Okay, it took this topic to make me type again, for I’ve had a tough surgery on my arm and, frankly, it hurts to type. It hurts to do the dishes. It hurts to pick up dirty laundry off the floor and it really hurts to fold the clean laundry. But who’s complaining? (I suppose I am.) In any case, this blog, guided by my pain, will be brief.
But that’s not why I am writing this piece. It’s because in the few weeks I’ve been waylaid by pain, I’ve noticed that something impossible has happened: the news has gotten even weirder than when I stopped writing. I say nothing of the Kardashians—that’s just par for the course—nor say I anything about the president of the United States or Nike advertising or anonymous op eds to the New York Times. I say nothing.
But I do say something about a certain man, S. Navin Kumar, who set a new world’s record by cracking walnuts (217 in one minute). It’s an odd record, walnut cracking. Now, at first blush, this may not seem odd. After all, someone has to crack the nuts, and maybe in a factory somewhere there was a competition between crackers and then, one marvelous and legendary day, someone won that contest—like sheepshearers in Australia. Walnuts come primarily from Germany, then Turkey, China, Japan and Spain. I checked it out. So, let’s figure on Germany. There someone bet someone else a beer, no doubt, that he (probably he) could outstrip his counterpart Nussknacker (the German word for nutcracker is in fact Nussknacker). “Ich kan Nüsse besser als du knacken,” he probably said, “und schneller!” And that’s how it all started.

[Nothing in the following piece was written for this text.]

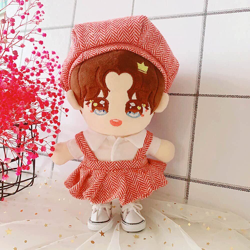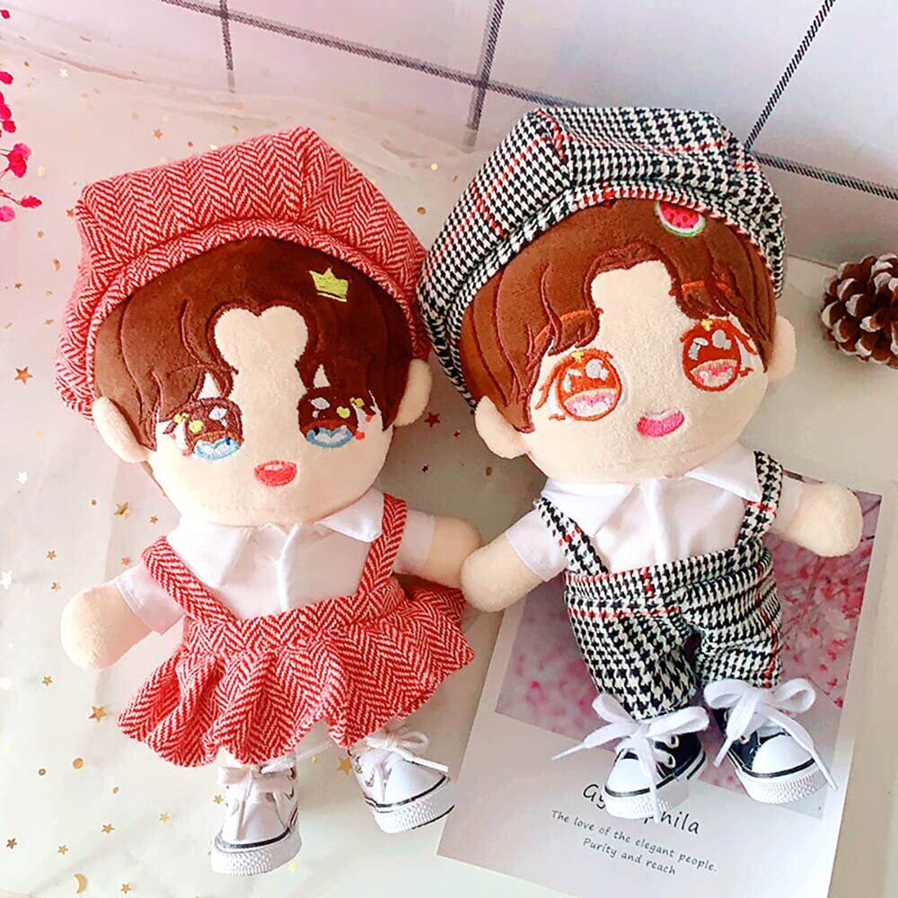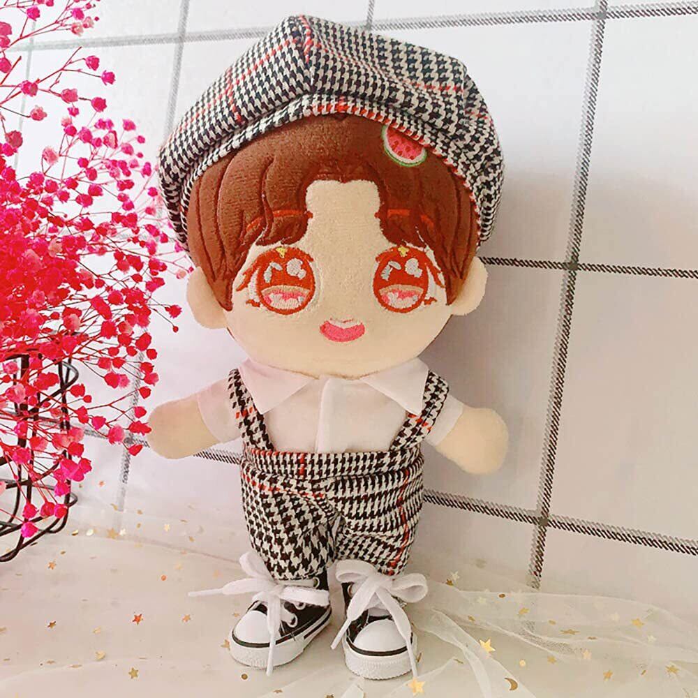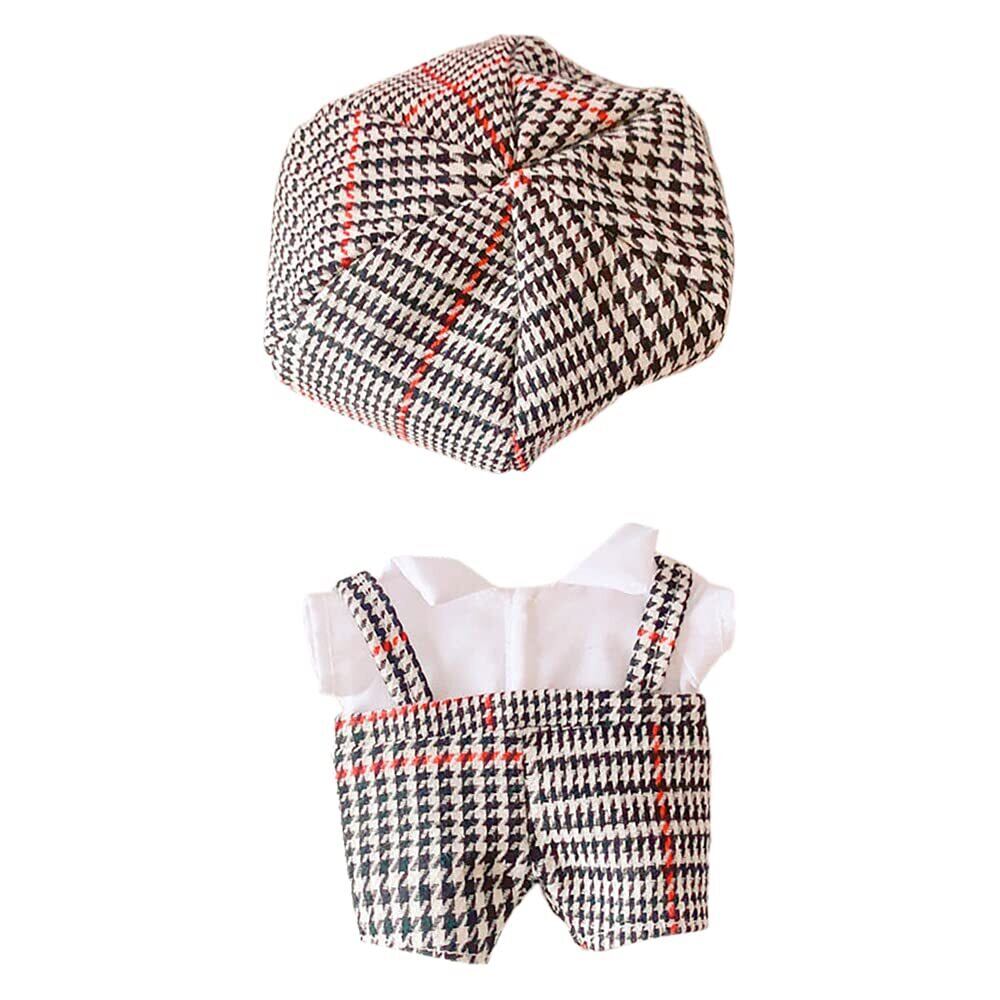 niannyyhouse 人形の服 20cm 綿人形の服 帽子+ボディスーツ 2点セット カレッジスタイル ぬいぐるみ 用 人形ベビー服 千鳥格子 着せ替え (black)

All things seem to start nobly, and only afterwards degenerate. Take professional basketball for example. They once called real fouls, no matter who fouled whom. They also called traveling. No longer. Big stars get free passes on fouls and traveling. Actually, almost everyone gets free passes on the latter nowadays.
But nutcracking—that’s the big surprise. What started as an innocent contest between two beer drinking Germans (sorry for the stereotype) has degenerated into head-slamming grandstanding and, ironically, this just when the NFL is cracking down on shots to the head and even uncalled for body blows. Perhaps as a reaction to that, suddenly the world record for cracking walnuts with one’s head has been set—set in stone, I might add—S. Navin Kumar. I suppose I, with the rest of the world, should simply congratulate him. But honestly, I think he must be nuts.
Okay, my arm is sore, which will allow you to forgive me for that rather weak closing line.